Marius Müller

Personal information
- Date of birth: 5 October 1990 (age 35)
- Place of birth: Heppenheim, Germany
- Height: 1.91 m (6 ft 3 in)
- Position: Midfielder

Youth career
- SV Steinbach
- 0000–2009: Borussia Fulda

Senior career*
- Years: Team / Apps / (Gls)
- 2008–2009: Borussia Fulda / 3 / (0)
- 2009–2010: Hünfelder SV / 27 / (5)
- 2010–2011: Eintracht Frankfurt II / 10 / (0)
- 2011–2012: FSV Frankfurt II / 25 / (7)
- 2012–2014: Jahn Regensburg / 10 / (0)
- 2012–2014: Jahn Regensburg II / 11 / (5)
- 2013: → SV Steinbach (loan) / 9 / (2)
- 2014–2017: Borussia Fulda / 54 / (21)
- 2017: SV Steinbach / 4 / (1)

= Marius Müller (footballer, born 1990) =

German footballer (born 1990)

Marius Müller (born 15 October 1990) is a German football midfielder

Müller started playing for the youth teams of SV Steinbach and Borussia Fulda. In 2009, he moved to Hünfelder SV who played in the Hessenliga. After one season, he moved to the second team of Eintracht Frankfurt, playing in the Regionalliga Süd. Only one year later, he transferred to the second team of city rivals FSV Frankfurt.
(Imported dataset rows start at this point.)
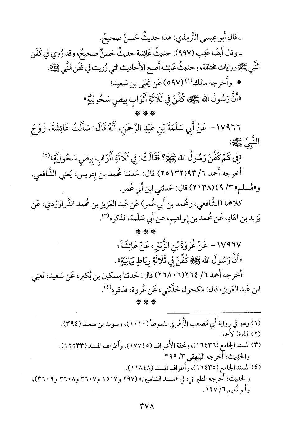 «في كم كفن رسول الله صَلى الله عَليه وسَلم؟ فقالت: في ثلاثة أثواب بيض سحولية» (¬١).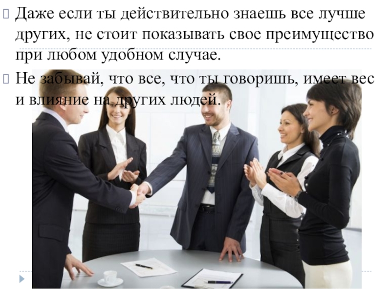 Слайд 26Даже если ты действительно знаешь все лучше других, не стоит показывать
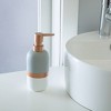 The Tosca soap/lotion dispenser brings refined style to your bathroom. Crafted from durable resin, it features a sleek gray and white body, artfully divided by a bronze line for a modern touch. The pump mechanism ensures smooth dispensing, while the elegant design complements any décor. Functional and stylish, Tosca adds a sophisticated finish to your countertop.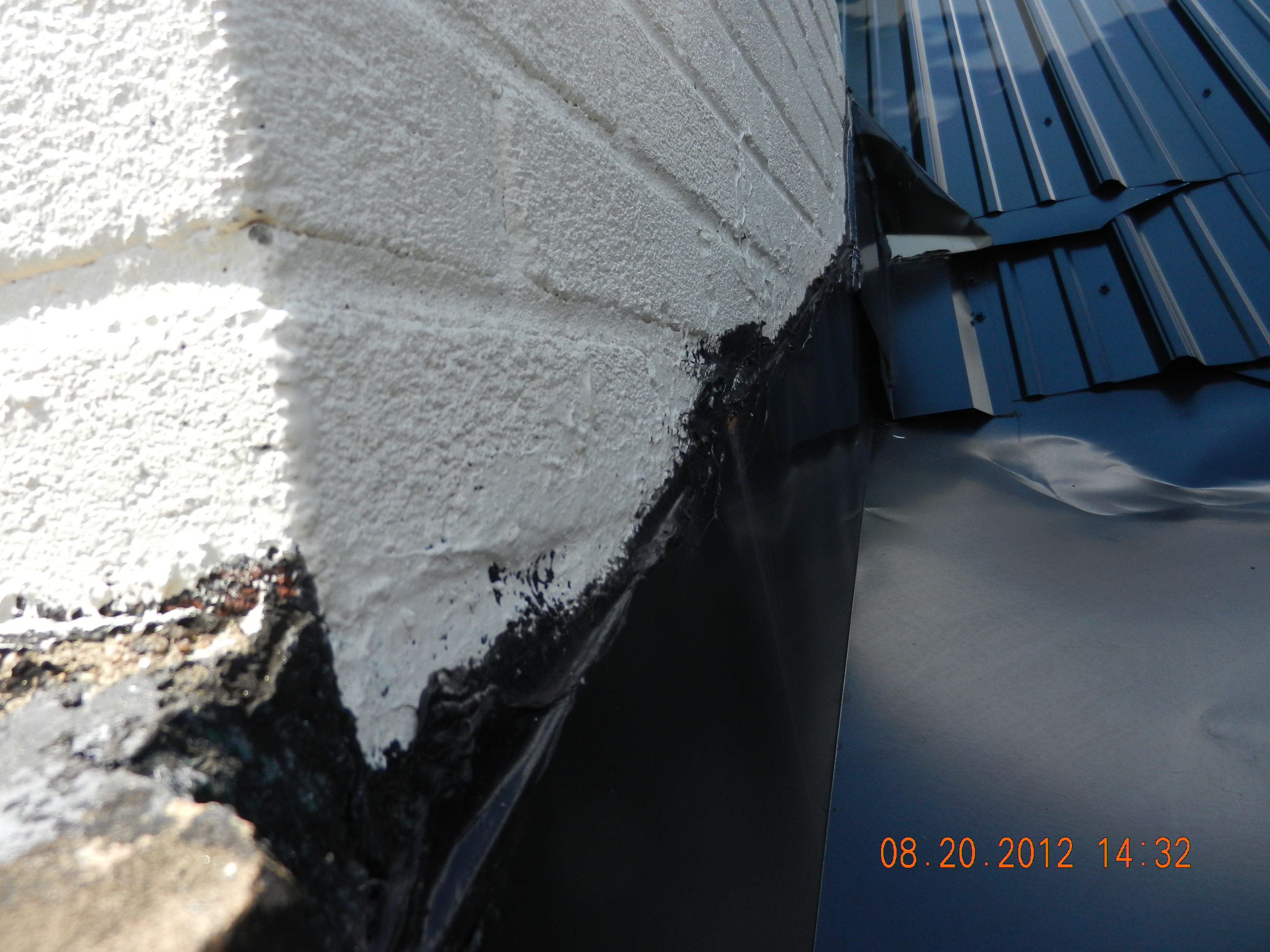 Here is a close up of the flashing. The roofer should have put in a cricket in here to divert the water.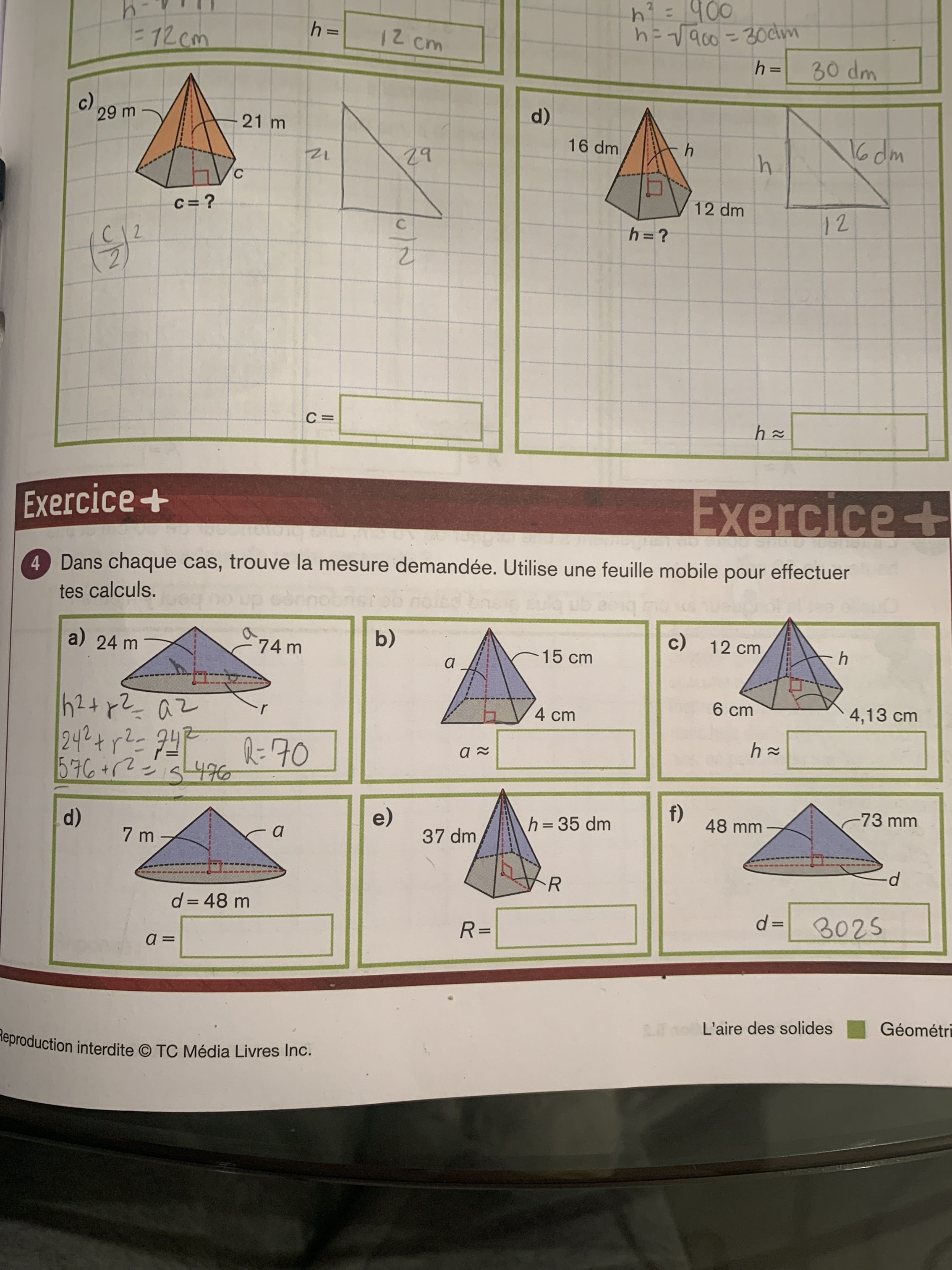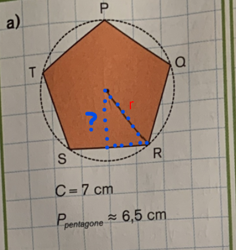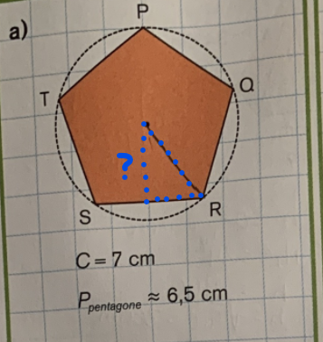 Pour compléter la réponse du no 5 a), l'hypoténuse du triangle bleu est le rayon r du cercle qu'on peut calculer à partir de la circonférence C=7 cm.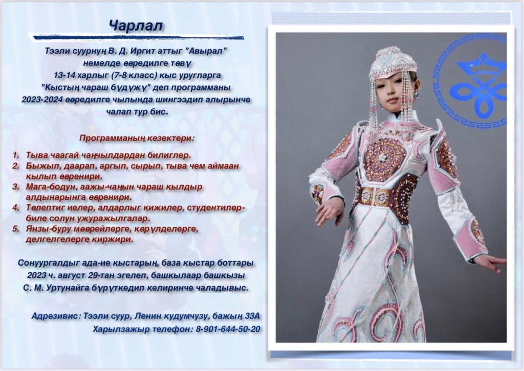Тээли суурнуң В. Д. Иргит аттыг «Авырал» немелде өөредилге төву 13-14 харлыг (7-8 класс) кыс уругларга «Кыстың чараш бүдүжү» деп программаны 2023-2024 өөредилге чылында шиңгээдип алырынче чалап тур бис.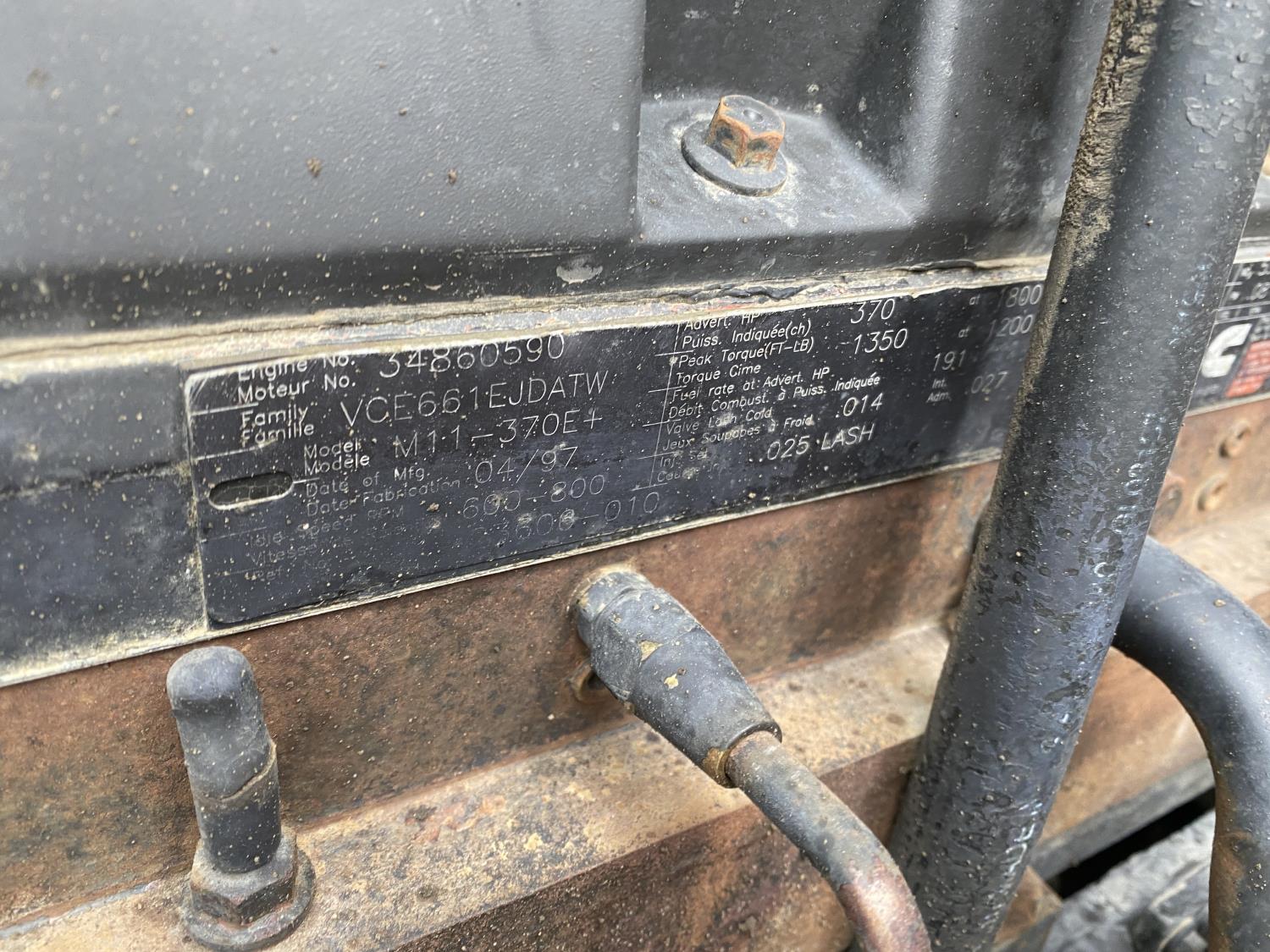 Cummins M11 PLUS 10.8 L 6 cylinder 370 HP engine, engine brake, engine block heater, Eaton Fuller 10 speed manual transmission, A/C, cruise control, air ride suspension, 12,000 lb front axle, 40,000 lb rear axles, diff lock, 154 inch WB, 11R22.5 tires

In summer 2012, he joined SSV Jahn Regensburg who were newly promoted to the 2. Bundesliga. In the first half of the season he did not get any playing time for the first team and was loaned out for the rest of the season to SV Steinbach. After only one season, Regensburg was relegated to the 3. Liga and Müller made several appearances for the first team.